Also, if a couple is emotionally immature enough to, "act like a 16 year old couple" and divorce over some stupid bullshit it's probably better for the kids if they actually go through with the divorce. People who are that emotionally immature probably don't have the emotional bandwidth to "stay together for the kids" while raising their kids to the best of their ability.
 
These were fully funded positions with enough of a stipend to live on. The wives weren't funding the PhDs. Wife #1 left about 18 months into a 6-year program, and wife #2 was gone about 3 years in. It was pretty obvious what was going on, these were just hen-pecked males with ball-busting wives who just became nastier every month we were in the program. Nothing "sus" about remarrying several years after a divorce.

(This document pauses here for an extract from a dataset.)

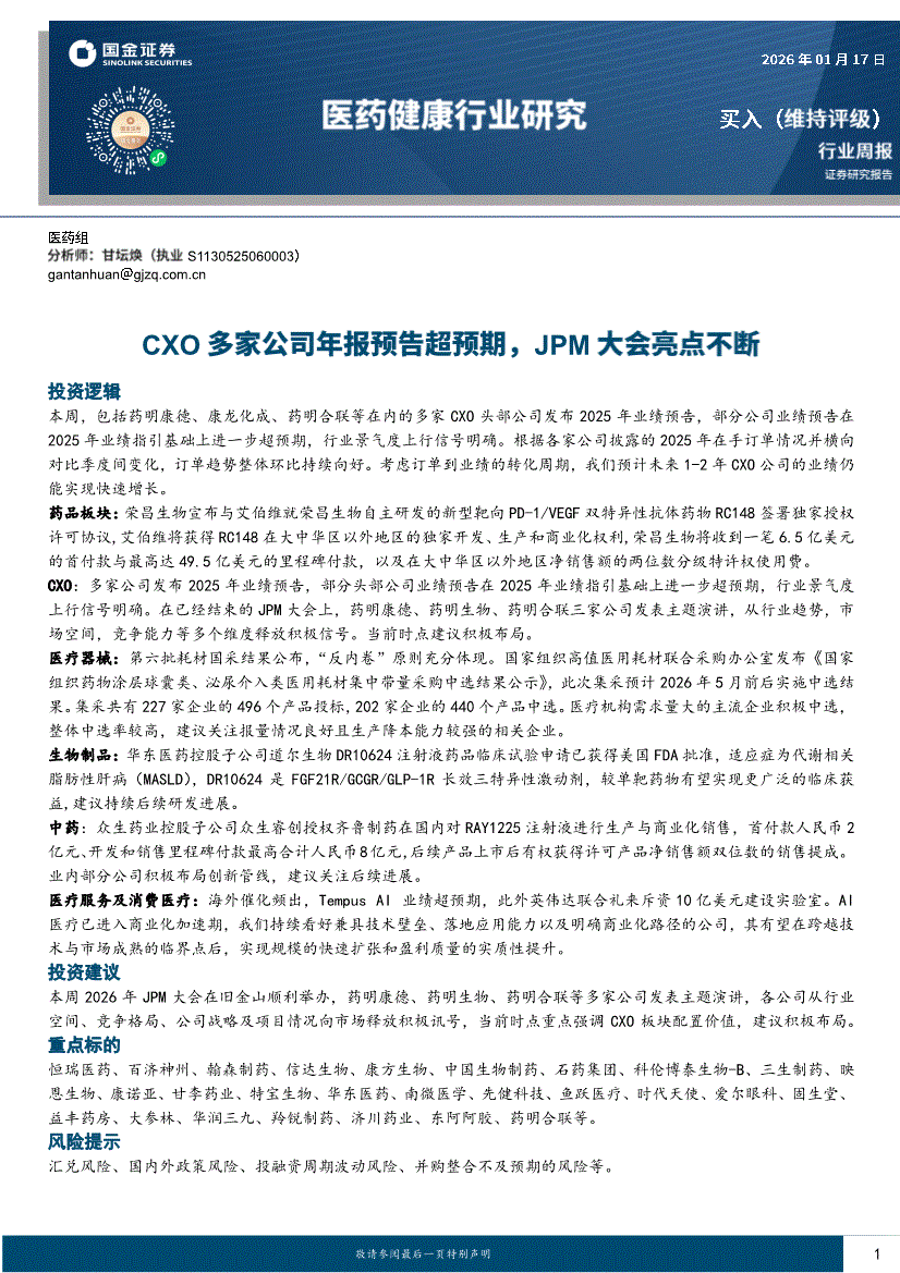 医药健康行业:国金证券-医药健康行业周报:CXO多家公司年报预告超预期,JPM大会亮点不断-260117

so the woman and I am going to be generous here should invest from her best years 4 years ( 2 bachelors + 2 masters ) and then on top of that invest another 6 years and pray her husband wont walk off once the ink dries up on their phd degree. BTW paid Phds go between 15k to 30k a year in USA. She was footing the bill and probably half of the chores on top of it .This doesnt include previous debts accrued during their 6 year tenure in college that they need to pay.Doesnt include her having to stay put probably in college town and kiss goodbye any promotions better offer etc.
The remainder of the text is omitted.